My grandparents both passed away over the last couple of years . My mom was an only child and so am I. My mom's life insurance went to my dad, and he used it to help renovate the house. My grandparents never charged him rent. Sorry I realize how confusing this is.
Anyways I am the only person in my grandmother's will. I got money and the house and my grandpa's truck.
My dad started dating a couple of years after my mom passed away. He never brought anyone to the house until this last one. She is young but pretty. She also has two young kids. He talked to me about it and asked if they could move in.
It's a big house and I have a large area to myself. So I agreed.
So she's been living with me for about six months. Now she just got pregnant. My dad asked her to marry him. I'm happy for him. He is a great dad. He is s**t at communicating though.
My step mom to be has started in on me about when I'm going to move out since they will need my room for the baby. I guess she wants her mom to come live with her and help. My dad never told it the house is mine.
So my dad came home last weekend and we had a long talk. The stepkids have been sharing my grandparents old room. I have my room with a big closet and en suite my dad put in and he has the other big bedroom with an en suite.
She wants me to move to the city while I finish my education. She offered me her apartment at a discount.
I waited for my dad to tell her. He didn't. So I did. I told her it's my house and I'm not giving up my room. I also said that my dad had a fair amount savings and could probably buy them a house. Especially if they sold her apartment and used it for a down payment.
Now I'm the asshole for making him use money he was planning on for his retirement and she doesn't want to sell her apartment because the market is going to keep going up and she wants to build equity.
I made it clear that they should move before the baby comes. AITA?

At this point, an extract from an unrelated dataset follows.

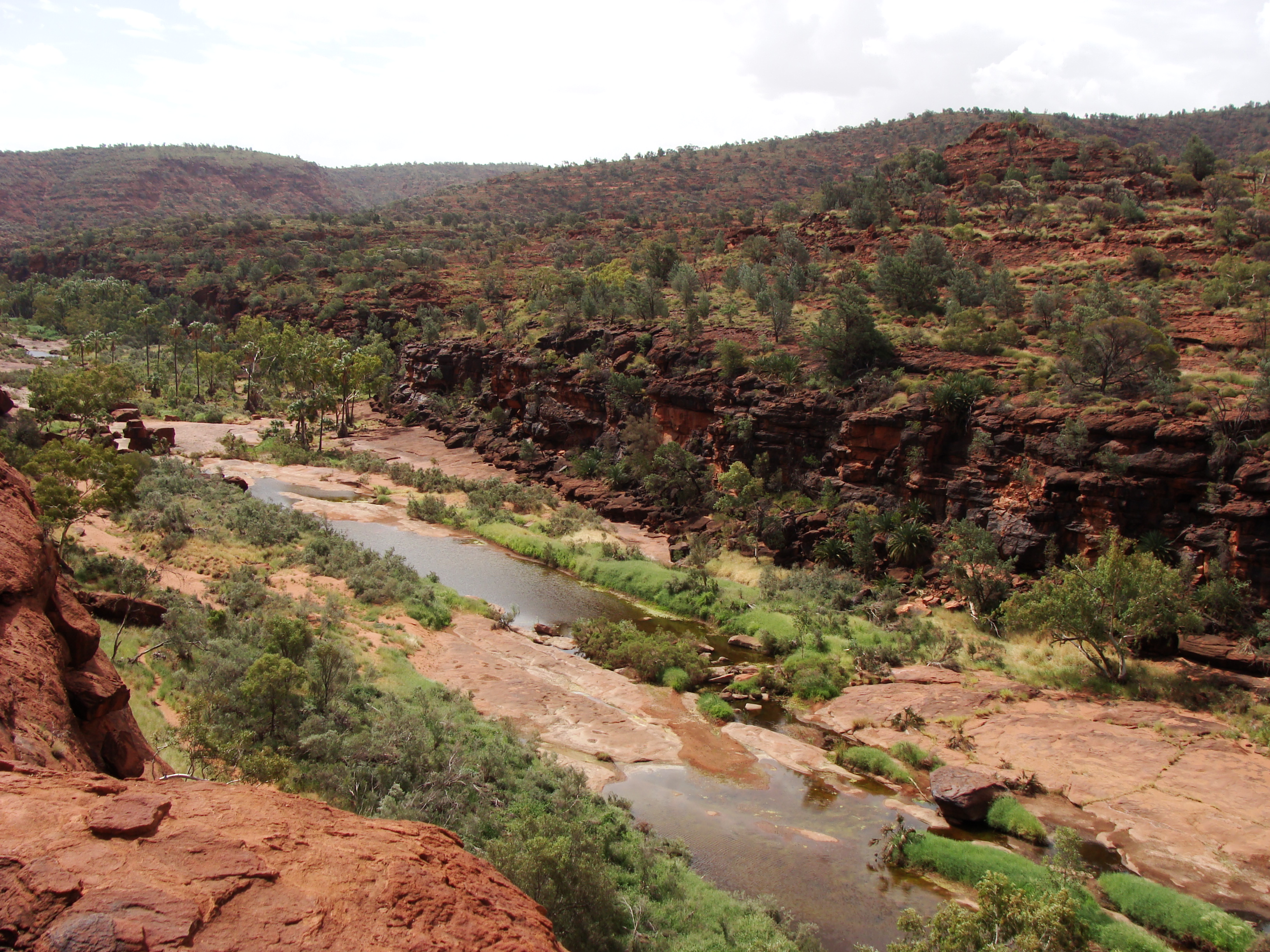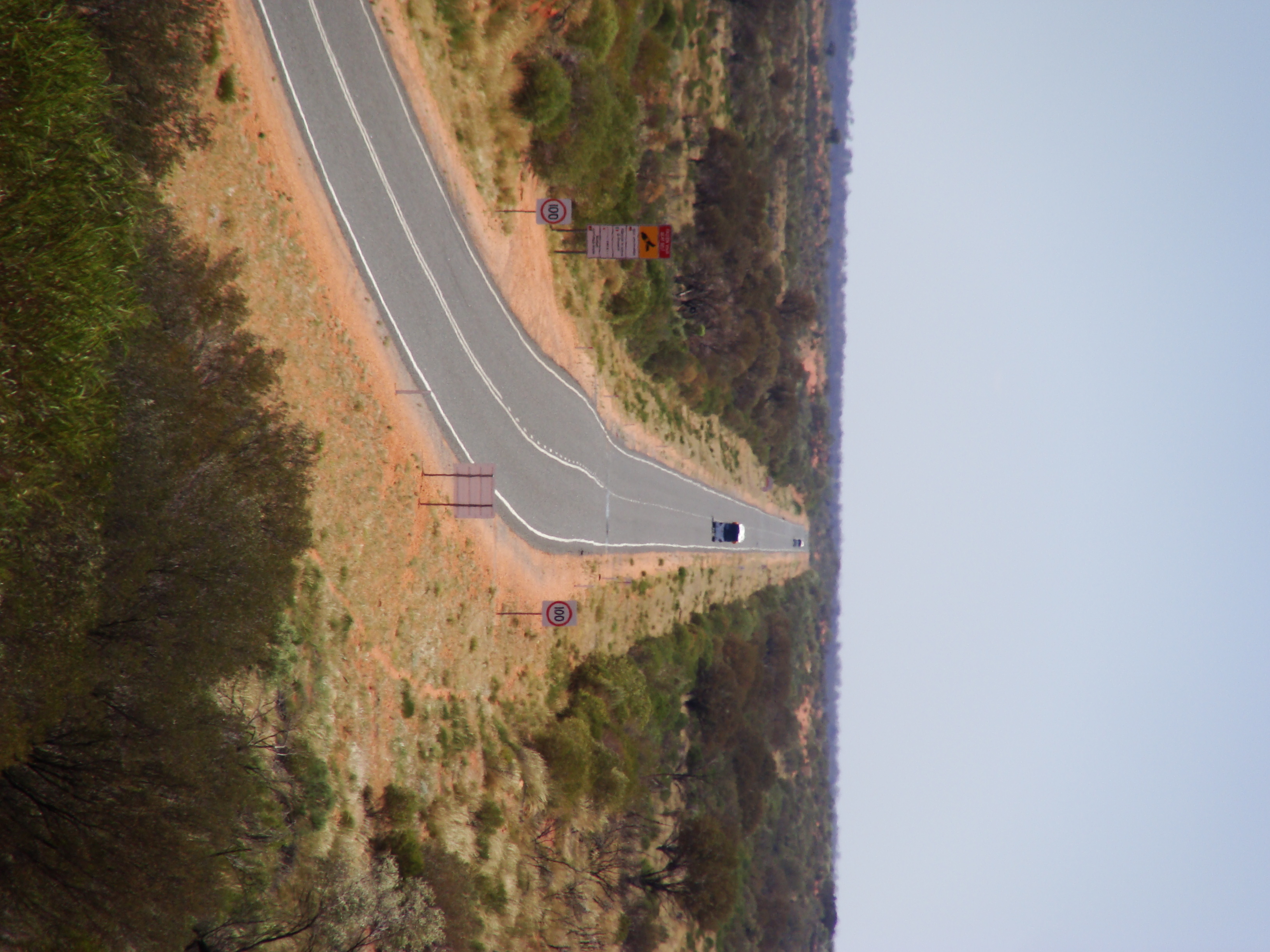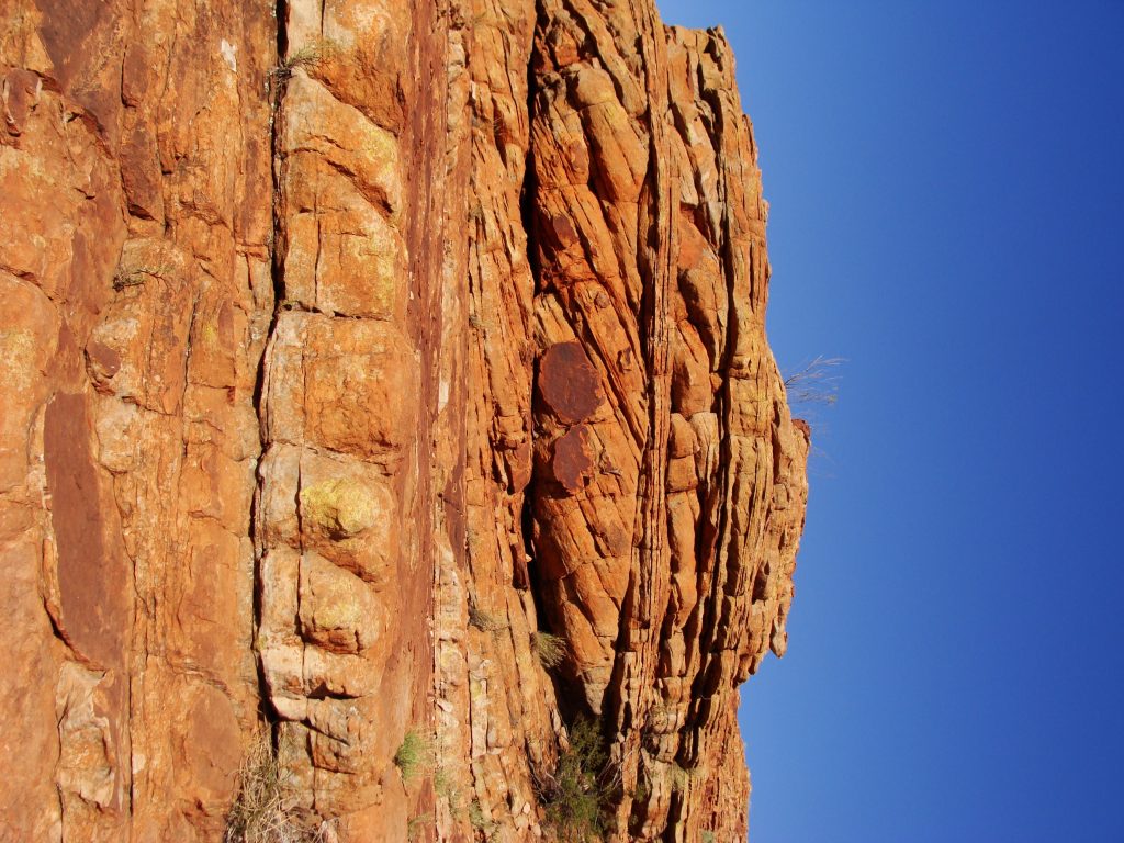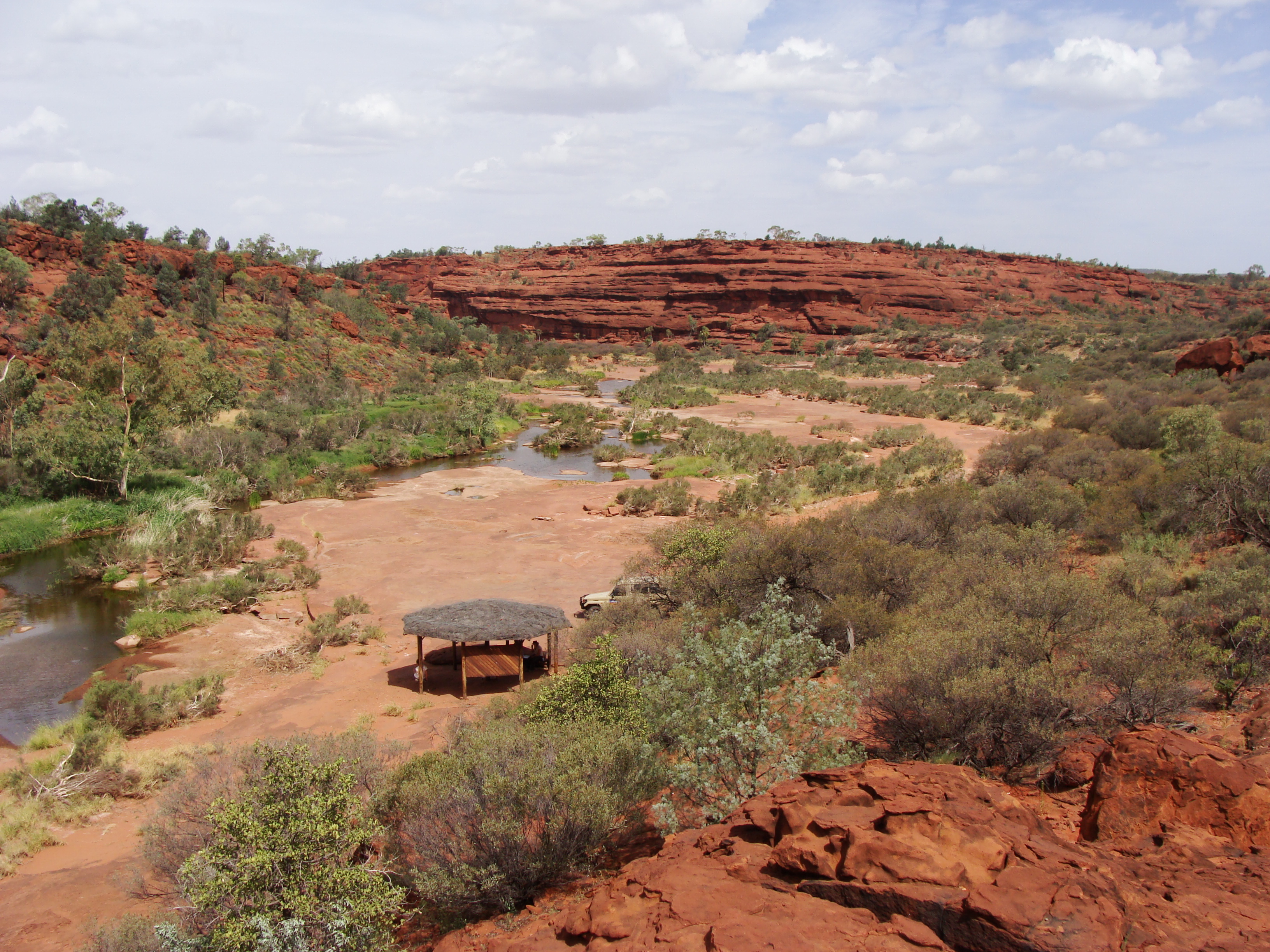 Steve meinte, dies sei die beste Wanderung in Central Australia. Also früh aufstehen… Es ging dann noch kurz in den Pub und anschließend zum Campground für die letzte Nacht, der einzige ohne Toilette und fließend Wasser:

Edit: Sorry if I didn't make it clear. They are very definitely moving out.
No-Read402 more from OP:
I think that's my dad's fault. He should have told her.

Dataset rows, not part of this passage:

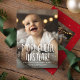 More cheer this year! Celebrate good news this holiday season with this two-photo Christmas birth announcement card. With one photo on the front and playful type, this vertical holiday card design also features room to introduce baby and share details like date and size. The back side is a festive red with playful dots and stars and also has a second photo and room for a longer message. It can also be left blank. This card works well as a holiday birth announcement, but the versatile text is also great for any happy occasion like a wedding, new pet or a Christmas pregnancy announcement. More colours and styles available and it can be purchased as a digital holiday card download.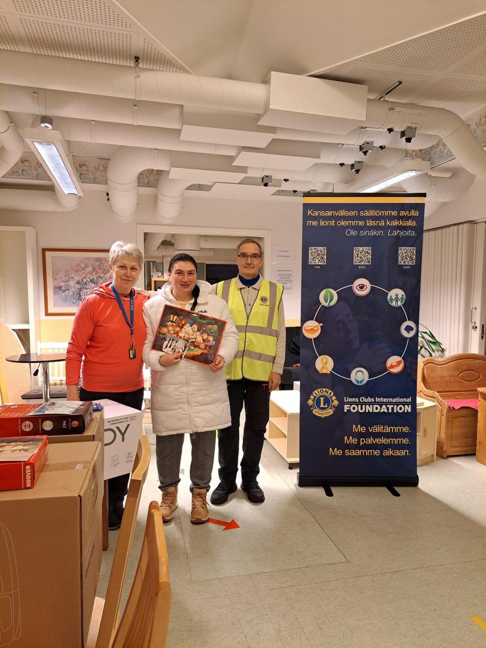 Lauantaina oli klo 10 alkaen LCIF:n apurahatuella ostettujen pienempien kodinkoneiden, tuotteiden ja kerrastojen ensimmäinen jakotilaisuus Ritarinteellä. Jälleen oli tyytyväisiä ukrainalaisia ja tyytyväisiä lioneja!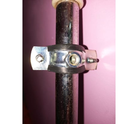 Обычный оцинкованный хомут, держать начинает с 32 мм. Дюбель 10*50, шуруп М8 под ключ 6 мм, винты М5*12.

My dad pays for groceries and pays the bills. Like cable and internet. All the bills are in my name.
My dad has like 20 years of savings to pay for a house. They aren't going to be homeless.
My grandparents left me set up for a good life. I can afford school debt free and I have money to supplement my income. I would still rather have them back. I don't think my dad would have tried to move another woman in if they were still here.
If they pool their resources they can afford a nice house.
I feel bad for my dad. He had a plan to retire. I personally don't care that much about the house it's not like my mom's childhood home or anything. I am considering selling I to them in exchange for the apartment and a lot of money.
Here's what people had to say to OP:
Major_Barnacle_2212 writes:
NTA. Facts are facts. You're not leaving them without options, and she wasn't leaving you without one (although, it irks me a bit that she wanted you to rent her apartment). Doesn't sound like there will be bad blood. Rest easy.